= Vilddas =

Finnish band

Vilddas is a band that was formed in Tampere, Finland in 1997 by Annukka Hirvasvuopio, Mikko Vanhasalo and Marko Jouste. They play Sámi music, but their instrument selection consist of different instruments from many different cultures like oud and kemence.

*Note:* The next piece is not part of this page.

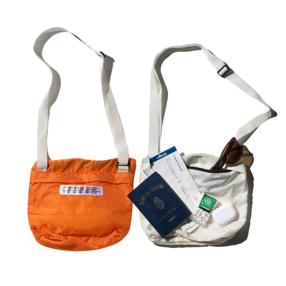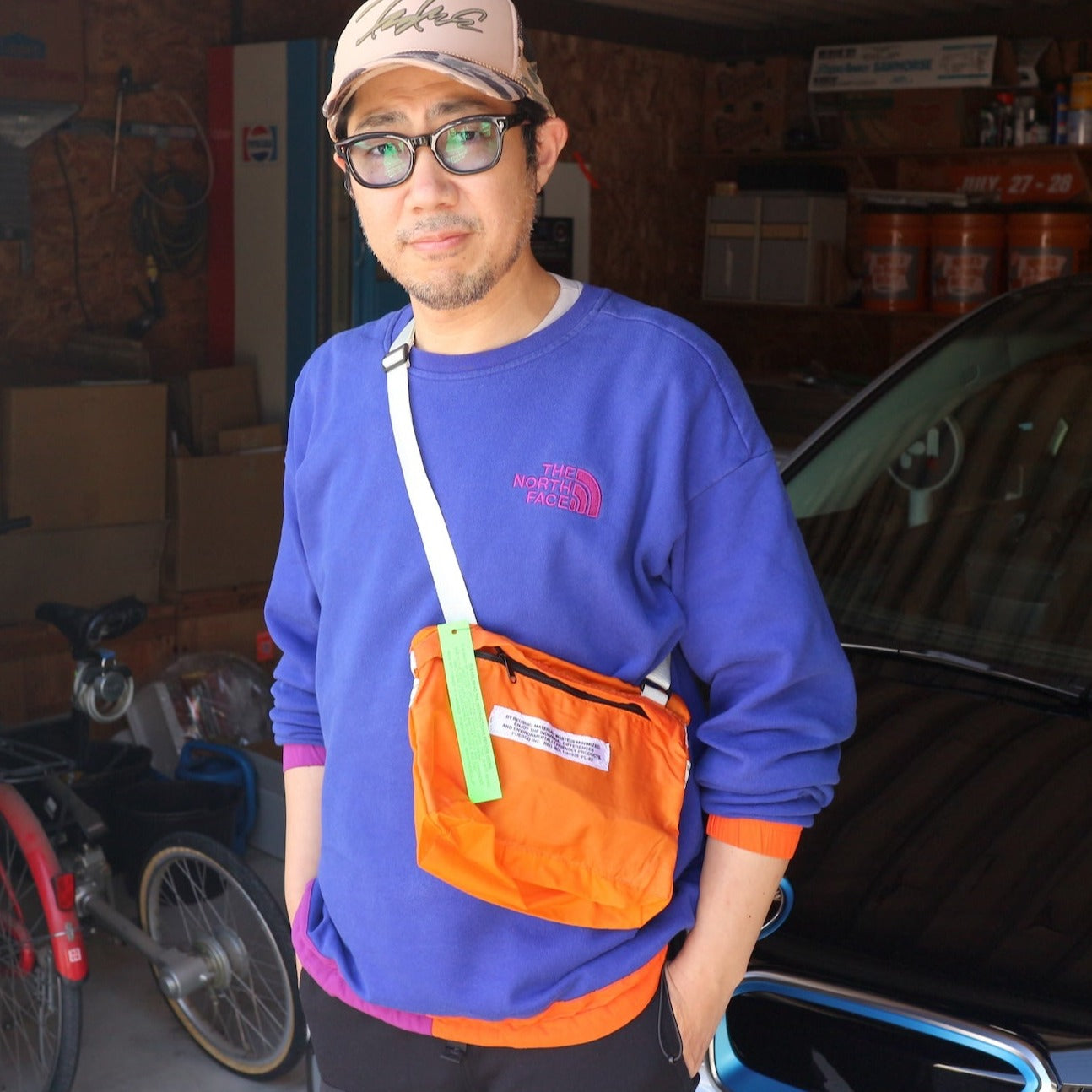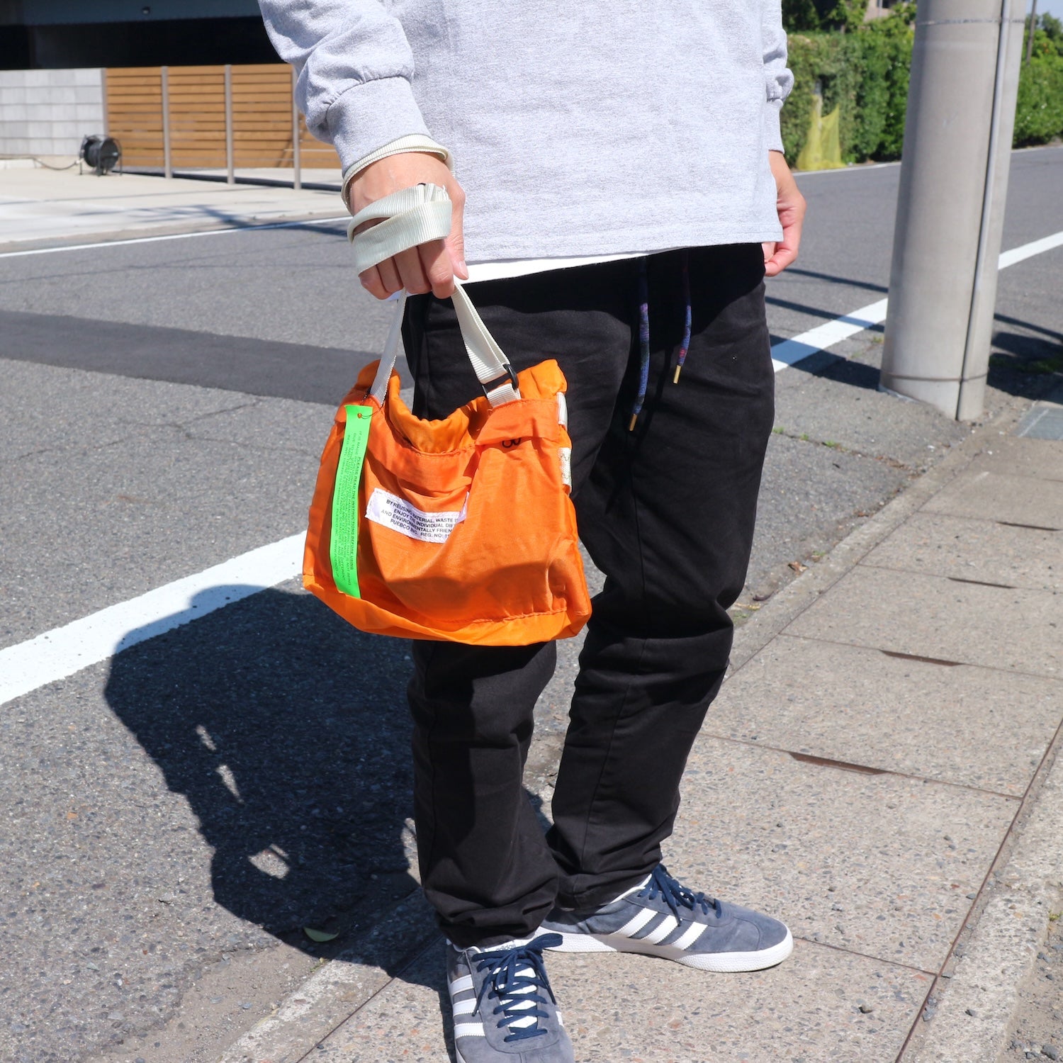 はじめに伝えておくと僕はエコとかサステナブルとかをファッションに持ち込みたくないタイプの人間なので、そういう観点でこのバッグを選んだのではありません。単にリサイクルで作られたこのパラシュート生地の風合いと雰囲気がとても良かったのでセレクトしました。サイズ感は本当に最低限のものを入れて持ち歩くためのサコッシュといった感じ。僕だと小さな本と財布、サングラス、スマホを入れています。肩下げのベルトの長さも調整可能で僕はあえて短めにして脇下に抱えるようにして持つのが好きです。これで街歩きや自転車に乗ってどこまでも行けます。値段もかなり良心的なので白とオレンジ両方とも買って、ファッションに合わせて使っています。

Vilddas had its first concert on November 26, 1997 in Tampere at Telakka.

==Discography==
===Háliidan 2003===
1. Háliidan
2. Vuolgge Fárrui
3. Boađan Du Lusa
4. Go Moai Leimme Mánat
5. Vilges Suola
6. Moaresluohti
7. Lasse-ádjáluohti
8. Ohcejohka
9. Dánses Lille Sárá
10. Dolla
11. Dola Mun Cahkkehan
12. Irggástallan

===Single 2002===
1. Go Moai Leimme Mánat
2. Ohcejohka
3. Go Moai Leimme Mánat (radio edit)

===Vilddas 2002===
1. Savkalanlávlla
2. Jiekŋaáhpi
3. Oarreluohti - Nanne Luohti
4. Beaivvážis Šaddet Beaivvit
5. Dán Ija
6. Biegga
7. Hirvas-Niila Luohti
8. Ráfi
9. Pauanne
10. Guhtur-Ándde-Reijo
11. Eadni Lávlu
12. Báze Dearvan

===Single 2000===
1. Biegga
2. Pauanne
3. Moarseluohti

==Line-up==
- Annukka Hirvasvuopio, soloist
- Marko Jouste
- Mikko Vanhasalo, plays the clarinet, saxophone, ney, etc.